*Your instructions*. Would you repeat word for word the lines of the listing that follows, from the one with "サイドレザーをアンティークレッドに変更したシングルシート。" up to and including the one with "当社は製造部門を担うグループ", and leave out the images?

Data records section start

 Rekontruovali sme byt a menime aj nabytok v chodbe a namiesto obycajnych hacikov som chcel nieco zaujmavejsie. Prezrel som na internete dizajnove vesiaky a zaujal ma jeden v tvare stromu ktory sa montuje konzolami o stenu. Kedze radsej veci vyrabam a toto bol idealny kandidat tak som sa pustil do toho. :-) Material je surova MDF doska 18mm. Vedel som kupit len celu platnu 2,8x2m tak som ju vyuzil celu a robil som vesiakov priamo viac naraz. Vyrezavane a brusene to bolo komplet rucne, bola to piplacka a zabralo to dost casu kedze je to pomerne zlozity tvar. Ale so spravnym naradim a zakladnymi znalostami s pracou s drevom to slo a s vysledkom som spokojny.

Data records section end
Data records section start

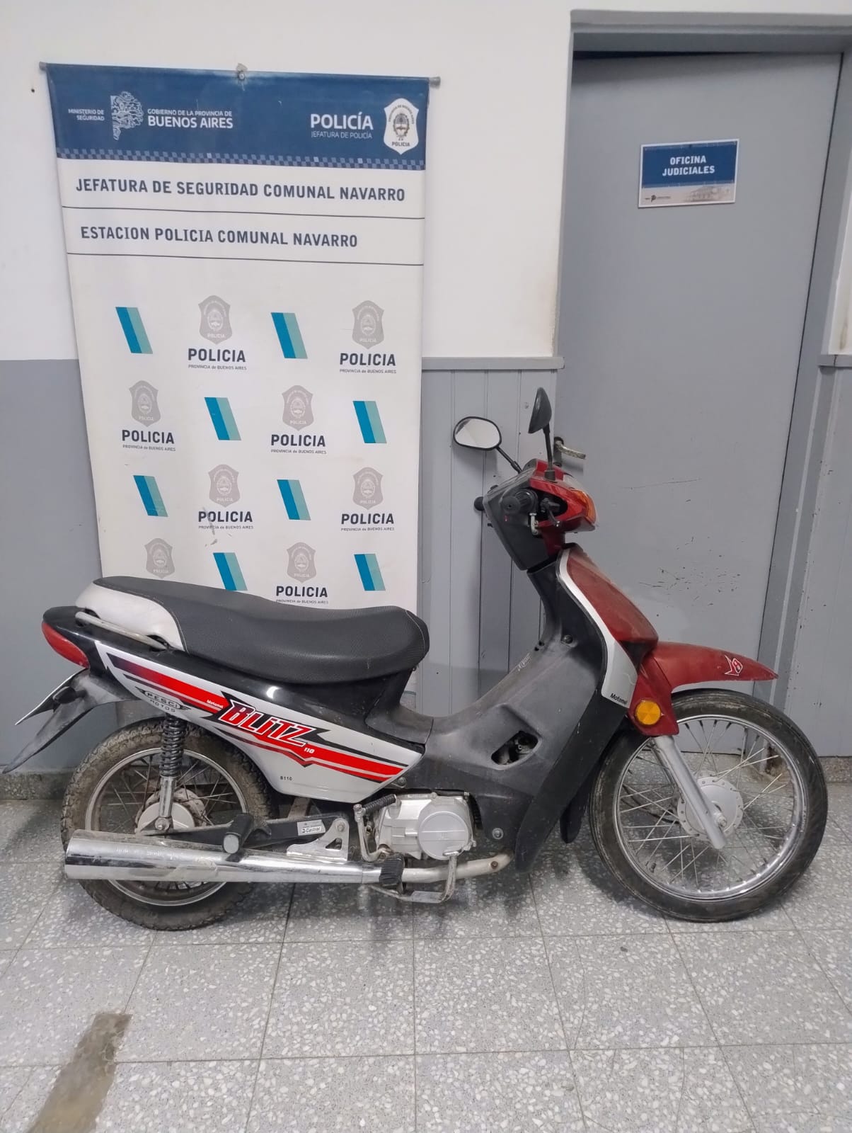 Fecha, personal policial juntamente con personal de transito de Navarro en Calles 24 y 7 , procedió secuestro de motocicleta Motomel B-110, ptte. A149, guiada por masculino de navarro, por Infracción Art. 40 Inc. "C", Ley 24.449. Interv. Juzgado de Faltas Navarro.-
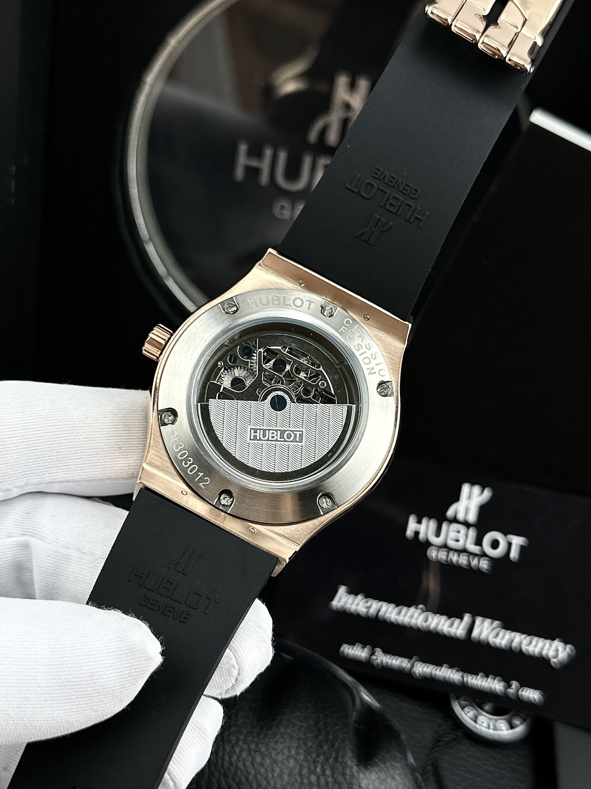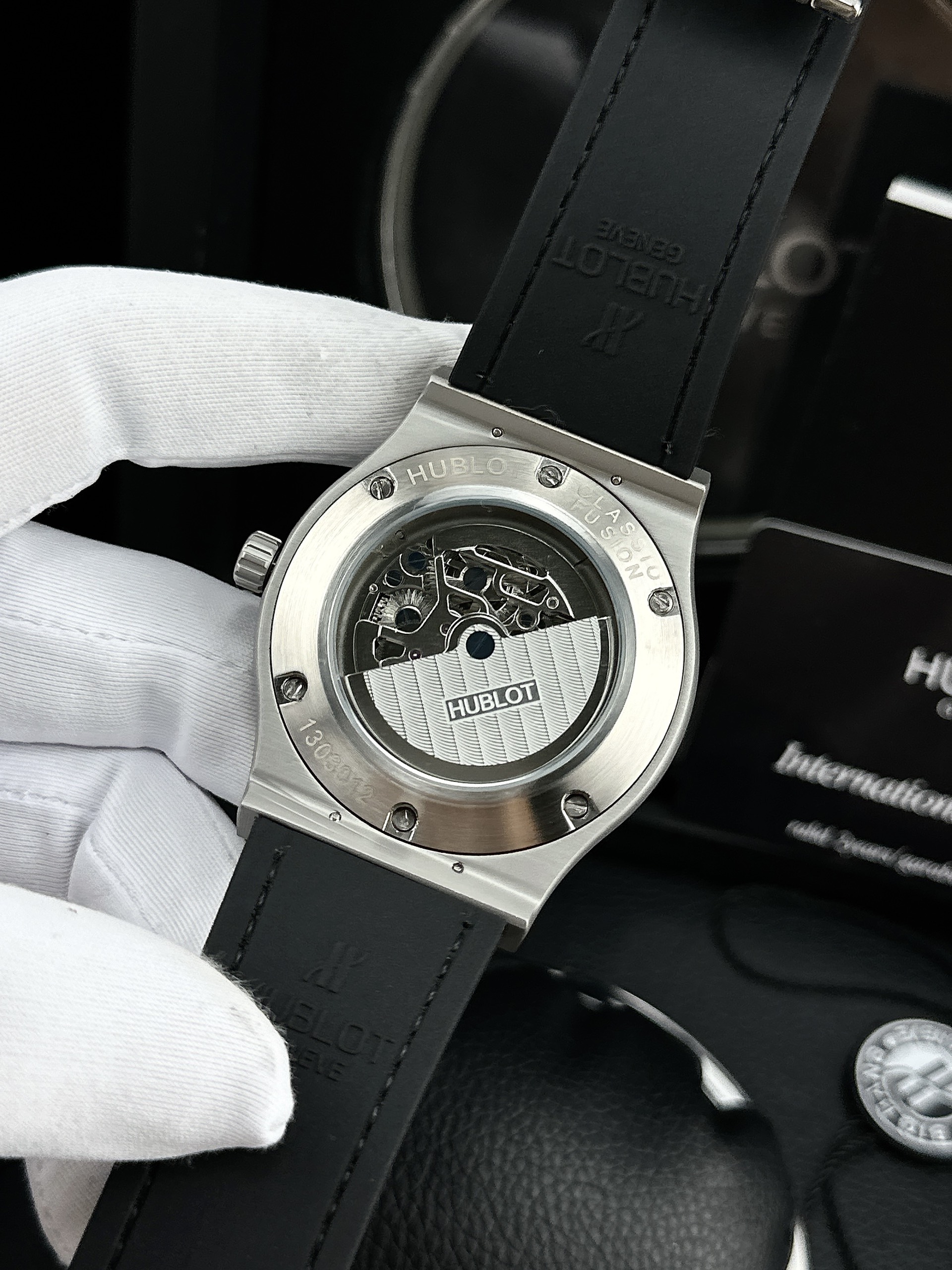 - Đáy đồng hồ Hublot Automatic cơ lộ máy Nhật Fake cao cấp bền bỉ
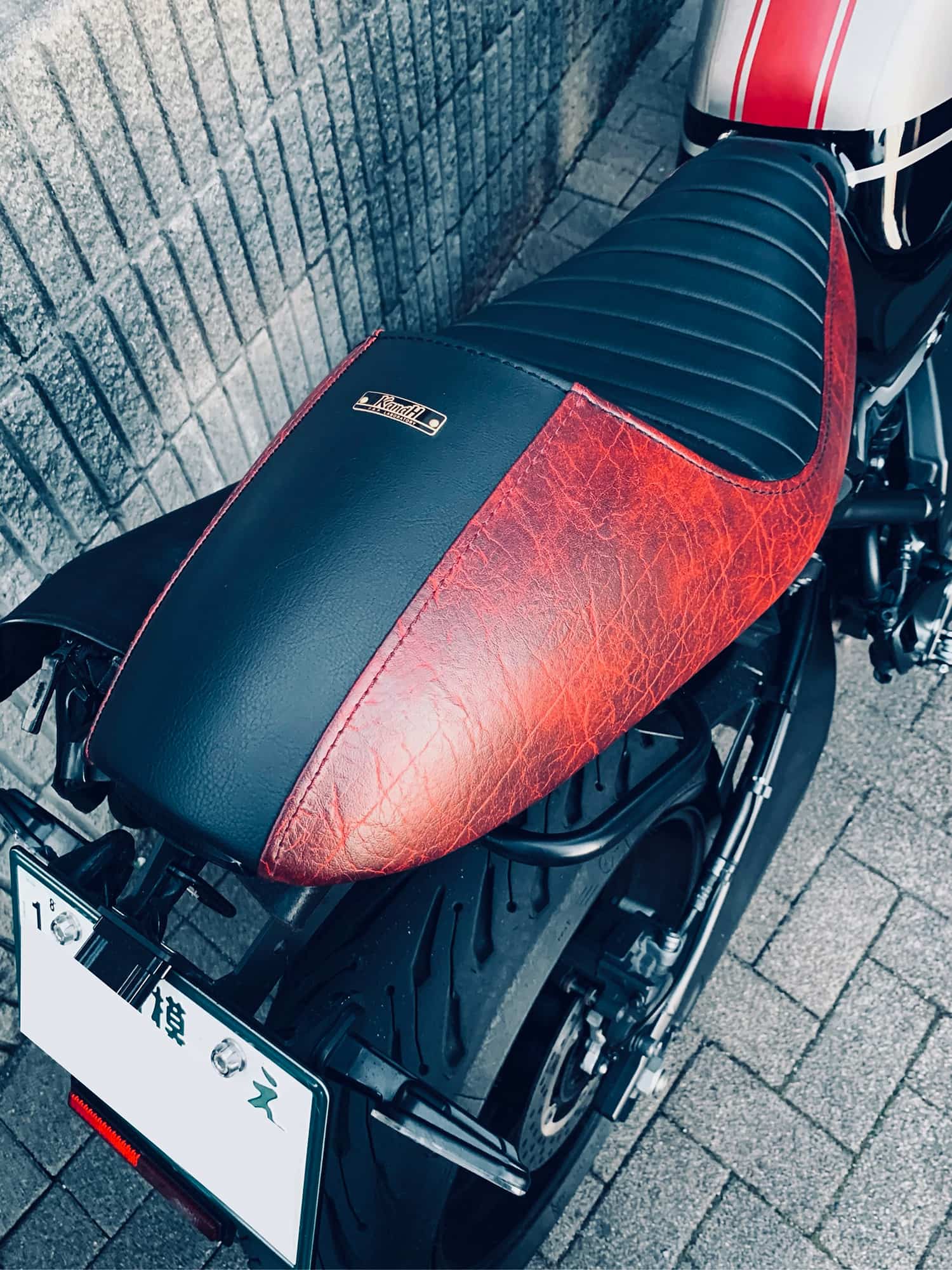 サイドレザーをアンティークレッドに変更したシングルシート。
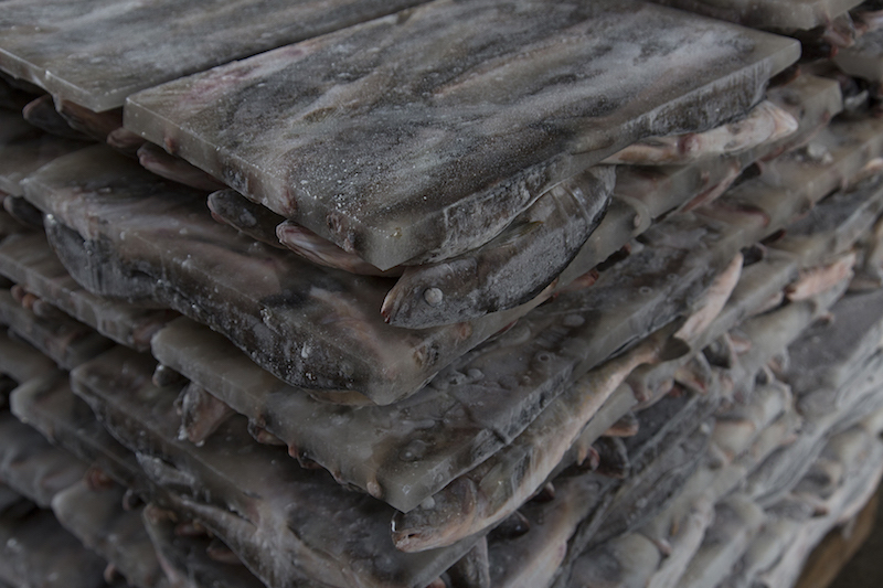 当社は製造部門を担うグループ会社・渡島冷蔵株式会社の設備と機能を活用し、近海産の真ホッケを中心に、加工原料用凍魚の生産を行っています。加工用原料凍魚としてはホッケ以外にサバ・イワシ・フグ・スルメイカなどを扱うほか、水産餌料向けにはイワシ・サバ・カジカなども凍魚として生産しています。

Data records section end
Data records section start

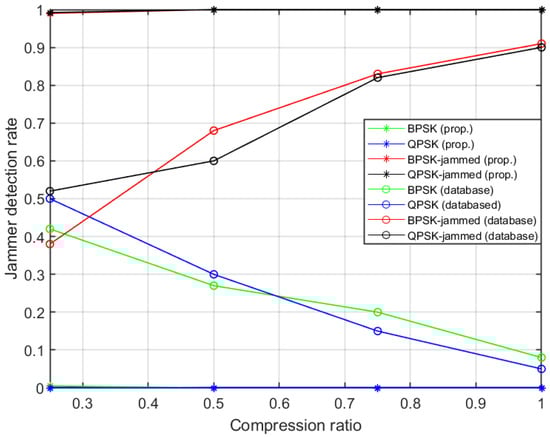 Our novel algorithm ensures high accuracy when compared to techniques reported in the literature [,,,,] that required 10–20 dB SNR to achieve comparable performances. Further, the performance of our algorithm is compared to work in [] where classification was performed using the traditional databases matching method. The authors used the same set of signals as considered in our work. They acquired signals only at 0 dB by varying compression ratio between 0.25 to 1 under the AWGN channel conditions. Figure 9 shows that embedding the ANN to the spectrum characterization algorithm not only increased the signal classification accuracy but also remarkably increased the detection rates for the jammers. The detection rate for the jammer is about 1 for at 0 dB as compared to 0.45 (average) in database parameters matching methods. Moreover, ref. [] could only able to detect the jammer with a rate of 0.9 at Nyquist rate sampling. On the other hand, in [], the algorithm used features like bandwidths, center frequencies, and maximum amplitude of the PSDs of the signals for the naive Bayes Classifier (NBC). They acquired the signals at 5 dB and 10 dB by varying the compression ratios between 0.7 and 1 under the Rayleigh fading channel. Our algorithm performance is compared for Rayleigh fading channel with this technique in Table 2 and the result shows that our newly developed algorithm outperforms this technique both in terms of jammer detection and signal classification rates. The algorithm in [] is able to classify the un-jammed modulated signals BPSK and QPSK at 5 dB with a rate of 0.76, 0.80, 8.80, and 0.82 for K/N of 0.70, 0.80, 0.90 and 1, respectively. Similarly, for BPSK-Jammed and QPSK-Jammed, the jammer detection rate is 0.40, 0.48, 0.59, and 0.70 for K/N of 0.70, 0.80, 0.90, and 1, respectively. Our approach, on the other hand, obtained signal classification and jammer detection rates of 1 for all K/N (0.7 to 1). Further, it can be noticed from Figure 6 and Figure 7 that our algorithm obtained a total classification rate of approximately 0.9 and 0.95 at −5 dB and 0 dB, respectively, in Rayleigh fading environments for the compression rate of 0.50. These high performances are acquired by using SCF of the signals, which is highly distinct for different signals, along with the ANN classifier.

Data records section end

*Answer to this exercise*.
 サイドレザーをアンティークレッドに変更したシングルシート。
 当社は製造部門を担うグループ会社・渡島冷蔵株式会社の設備と機能を活用し、近海産の真ホッケを中心に、加工原料用凍魚の生産を行っています。加工用原料凍魚としてはホッケ以外にサバ・イワシ・フグ・スルメイカなどを扱うほか、水産餌料向けにはイワシ・サバ・カジカなども凍魚として生産しています。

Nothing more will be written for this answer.